1. Look at the whole picture. How is your child handling his or her current workload? Will they be continuing with or adding more activities next year along with more rigorous courses? If their stress level is high now, have an honest conversation about how many more hours of weekly work next year’s course load might require. Is your child playing sports or participating in an activity that requires an enormous time commitment after school and on weekends? If so, that should be addressed – especially if that activity requires missed days of schools and weekend travel to tournaments. Finally, if your family is experiencing some high-stress life situations, including divorce or illness, I encourage you to take the time to include that into consideration, because it can easily affect your child’s physical, emotional and social wellness.

2. Prioritize sleep. A great first step towards this effort is getting your child’s phone off and out of their room at least 30 minutes before a designated bedtime. Many students admit they use their phone as an alarm clock, but that they quickly read-reply-repeat it if a late night text pops up on the screen. Instead, I suggest investing in a shiny alarm clock and having an evening phone charging zone outside of their bedroom, because nothing sabotages falling asleep or staying asleep than a constant stream of phone notifications. Recent studies show that sleeping six hours a night is *just as bad* as not sleeping at all – and, since the average high school senior sleeps just 5-6 hours per night, this is a real problem.

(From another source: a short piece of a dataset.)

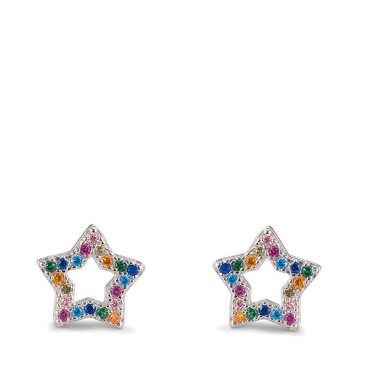 Ohrstecker Silber Zirkonia bunt rhodiniert Stern Ø8.5 mm

3. Seek out clarifiers. When working with students, I often ask them to identify the clarifiers in their lives. Clarifiers are individuals who coach us around finding answers – a clarifier might be a parent, counselor, religious leader, relative or teacher. In all the noise of competition and perfectionism, we lose sight of the people who give us insight to making better choices and decisions, and help us realize we might be pushing ourselves harder than is healthy or productive. I talk about this more in my second book, The Myth of the Perfect Girl.

4. Focus on daily habits. It really is all about building on small, tangible goals that your children can work on daily that add up to personal satisfaction and success. Encourage children to start with simple concrete habits that focus on wellness, like eating a healthy breakfast focused on long-term sustainability (protein and complex carbs!), getting to sleep by 10 pm each night and/or resolving to spend only 30 minutes a day or less on their favorite certain social media site.

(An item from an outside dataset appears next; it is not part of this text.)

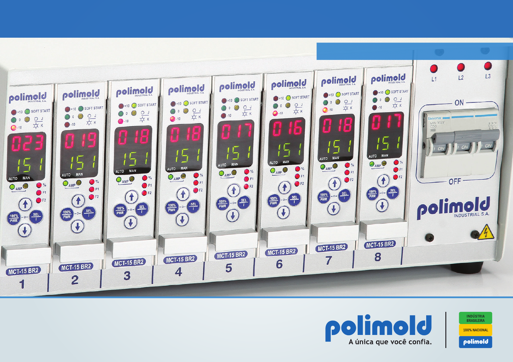 CONTROLADOR DE TEMPERATURA POLIMOLD MS (MINI SMART) COMPACTO, SEGURO E INTELIGENTE. w w w .a ge nc ia ca nn a. co m .b r A Po lim ol d se re se rv a no d ire ito d e al te ra r a s e sp ec ifi ca çõ es d os e qu ip am en to s s em a vi so p ré vi o. CONTROLADOR DE TEMPERATURA POLIMOLD MS (MINI SMART) Obs.: Conectores de energia serão fornecidos conforme a necessidade do cliente. * Para configurações especiais e maior número de zonas de controle, entre em contato com a Polimold. Entre em contato e saiba mais sobre o novo Controlador de Temperatura Polimold. 11 4358-7300 vendas@polimold.com.br COMPACTO Menor, mais leve, com componentes eletrônicos modernos e muito mais recursos. MODULAR Sistema modular que facilita a manutenção e gera rapidez na substituição. INTELIGENTE Agora o primeiro módulo pode gerenciar os demais, facilitando o envio de informações, como: ligar, booster, stand by, set point e OFF. CONTROLE TOTAL Com um simples toque é possível controlar a corrente elétrica de cada zona de temperatura. Número de Zonas de Controle Código Cabo de Energia Voltagem Acessório Módulo Individual (sem gabinete) MCT15MS - - - Até 5 zonas de temperatura CTMS5Z 3 ou 6 metros* 220V ou 380V (Monofásico ou Trifásico) - Até 8 zonas de temperatura CTMS8Z Rack com rodízio. Até 12 zonas de temperatura CTMS12Z SEGURO Novo sistema de alarme no visor caso a temperatura sofra alguma alteração de ± 20° C do que foi pré- programado. FÁCIL Rápido e eficiente. Agora, a configuração é feita diretamente no painel, sem a necessidade de desmontagem do módulo. O novo Controlador Polimold MS é do tamanho ideal: Compacto, leve e com muito mais tecnologia! 60% menor que os Controladores Convencionais Dimensão de um Controlador Convencional

5. Encourage choices that manage time and energy. Ask your children to reflect on the things in his or her life that energize them, and conversely, drain them. Their list might be surprising. One student I worked with confessed that being on Snapchat stressed her out, and after thinking about what she’d rather do with those hours, like drawing and reading, decided to remove the app from her phone on weekdays. Sometimes being made aware of ingrained habits can help make small yet significant shifts over time.

To be sure, there are situations where the workload and requirements aren’t in line with learning goals, and I spend much of my time today consulting with schools and educators on finding the appropriate balance given a confluence of challenges. At the same time, we each have the opportunity to help our next generation of young people think through to create their own individual blueprint for personal and academic success, and thoughtful course selection is one important part of the overall picture.